It's been another poor week for law schools. First Nottingham Law School set its students an impossible question, then the College of Law forgot to hand out a multiple choice answer sheet. Not wanting to be left out, the School of Oriental and African Studies then set its law students the most bizarre exam question in living memory.

Students on Nottingham Law School's LPC sat their business paper this week, which included a question on accounts. Students were asked to balance an account, which seemed reasonable enough, except the figures given meant it was actually impossible.

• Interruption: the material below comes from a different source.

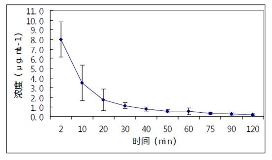 Fig.1 HPLC chromatograms of meglumine emodin reference substance (A) ,blank plasma(B), plasma with drug(C), and plasma with drug added reference substance(D) 6 只犬静脉推注大黄素脯甲胺后,测得大黄素脯甲胺平均血药浓度-时间曲线见图2。

At least Nottingham Law School was suitably contrite. Bob White, its Director of LPC, said "we’re horrified. This is the first time anything like this happened to us since the LPC was launched in 1993. We made a mistake and have learnt a hard lesson. We said sorry to affected students straightaway and will offer a first sit before the summer to any who think they were disadvantaged. We’re not the first major provider to make a mistake but we intend this to be the first and last time it happens to us.”

And yesterday students at the College of Law's Guildford branch sat their criminal paper - slightly disadvantaged by not having a multiple choice answer sheet to complete. The invigilator spent about ten minutes talking on the phone in an attempt to get the sheets, and students say they finally managing to hand them out half way through the exam. A spokeswoman for the college said, "the exam invigilator noticed right away that the mulitiple choice papers were not there... The exam started at 9.30 and all the students had the paper by around 9.38am".  

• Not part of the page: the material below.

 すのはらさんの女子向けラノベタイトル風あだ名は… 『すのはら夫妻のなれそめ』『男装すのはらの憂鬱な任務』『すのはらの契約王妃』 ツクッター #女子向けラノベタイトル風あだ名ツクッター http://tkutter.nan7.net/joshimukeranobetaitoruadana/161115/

    A cut out and keep guide

These are the latest in a series of cock-ups at the UK's law schools. The College of Law gave its LPC students the wrong materials in an exam last June. And BPP, apart from having a computer system which seems to spend more time down than up, managed to appoint a professional ethics tutors who had been suspended from practicing as a barrister, and couldn't even name its own students.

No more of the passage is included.